Published in 2015, the Global Burden of Disease project produced modelling which showed that just poor diet and tobacco use together accounted for over 21% of total ill health in England, leading to corollary ailments such as obesity, diabetes, musculoskeletal conditions, heart disease and stroke which all increase demand for long term care. The geographic distribution of this ill health was also spread unequally. As a result, Public Health England argued that if health in the worst performing regions matched the best performing ones, England could have some of the lowest burdens of diseases within developed countries. This, it argues, presents a huge opportunity for preventative public health. 

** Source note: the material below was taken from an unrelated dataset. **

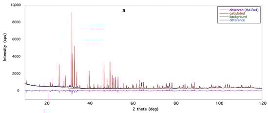 Powder XRD data of HA-Eu4 and HA-Gd samples were collected for structural analysis by using an automated Rigaku RINT2500 laboratory diffractometer (Rigaku Co., Tokio, Japan). Working at room temperature at 50 kV and 200 mA in Debye Scherrer geometry, the equipment uses an asymmetric Johansson Ge (111) crystal to select the monochromatic Cu Kα1 radiation (λ = 1.54056 Å) and the silicon strip Rigaku D/teX Ultra detector (Rigaku Co., Tokio, Japan).

The pandemic has prompted much needed discussion of health inequalities and the need to tackle them, with the government’s new Office for Health Improvement and Disparities beginning operation later this year. Only time will tell whether this is simply yet another pointless reorganisation of the health bureaucracy, or a meaningful ally in promoting preventative public health. Nonetheless, it will need to be armed with a broad remit, strong powers, and iron political will from the top to tackle the wider trends which have contributed to greater long-term illness. These include pervasive societal issues such as the corporate corruption of nutrition and advertising, increasing physical inactivity driven by technological change in transport and for other daily activities, as well as the ever-greater levels of stress and mental ill health induced by work, deprivation and the high cost of living well.  

Governments around the world have succeeded in creating conditions for greater socio-economic fairness and good health outcomes, understanding that former leads more often than not to the latter. If the mantra of ‘levelling up’ means anything at all, it is time for our current government to do the same, starting with a radical and properly resourced plan for preventative health and social care along with a fair means of paying for it.